BUSINESS MAGAZINE. Le Budget 2018-19 est-il populiste ou électoraliste ?

En un mot ? Réaliste !


BUSINESS MAGAZINE. Expliquez-vous ?

Depuis 2016, le Premier ministre et ministre des Finances apporte des réponses concrètes aux enjeux du pays, avec des mesures budgétaires conjoncturelles et structurelles pour améliorer notre trajectoire économique. Cela se voit et se ressent.

En 2018, le taux de croissance économique sera supérieur à celui de 2017, qui était déjà supérieur à celui de 2016. L’inflation sera maintenue à un niveau raisonnable pour un pays émergent, soit à 4,2 %. Et le taux de chômage qui était à son plus haut, soit de 8 % en 2013, si nous regardons les chiffres sur les dix dernières années, devrait reculer à 6,9 %. C’est le niveau le plus bas jamais enregistré depuis 1994.

Cela démontre que cette nouvelle approche économique centrée sur une distribution plus juste et plus efficiente rapporte ses fruits. C’est une indication claire que le temps du jobless growth est révolu. La reprise de l’activité économique est réelle et est démontrée par l’évolution positive de l’investissement qui, après une période de contraction entre 2012 et 2015, enregistre, depuis 2016, des taux de croissance positifs. Ces évolutions positives des perspectives économiques se reflètent à travers une amélioration sensible des indices de confiance des consommateurs et des entrepreneurs.


BUSINESS MAGAZINE. Et le Budget 2018-19 dans tout cela ?

S’il y a une mesure que je devrais retenir, c’est celle sur l’emploi et la formation.

Vous vous rendez compte que, pour la première fois, Rs 1 milliard seront déployées pour booster l’employabilité des jeunes. 

Depuis le temps qu’on parle du déséquilibre entre l’offre et la demande sur le marché du travail aujourd’hui, nous voyons se mettre en place une vraie politique pour résoudre cette problématique nationale. En investissant dans son capital humain, Maurice se donne définitivement les moyens de ses ambitions en matière de développement économique.
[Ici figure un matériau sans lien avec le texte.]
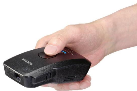
「RICOH Image Pointer GP01」

なお、本日よりECストアで予約受付を開始し、先着100名様にはオリジナルポーチをプレゼントするキャンペーンを実施いたします。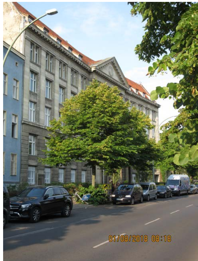
Abb.:5. Zum Vergleich: „normale“ Kronenform, fast geschlossen und Blickdicht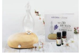
Cofanetto diffusore Zéphyr

02517 Diffusore 49.00 € 02530 Silenzioso 3.90 €

Pour nous assurer de la durabilité et de l’inclusion de notre croissance économique, nous devons investir dans la force productive de nos jeunes.

Selon le Fonds monétaire international (FMI), il est primordial de continuer à investir dans le capital humain pour accroître la part du travail dans le revenu, contrairement à la tendance générale des dernières décennies.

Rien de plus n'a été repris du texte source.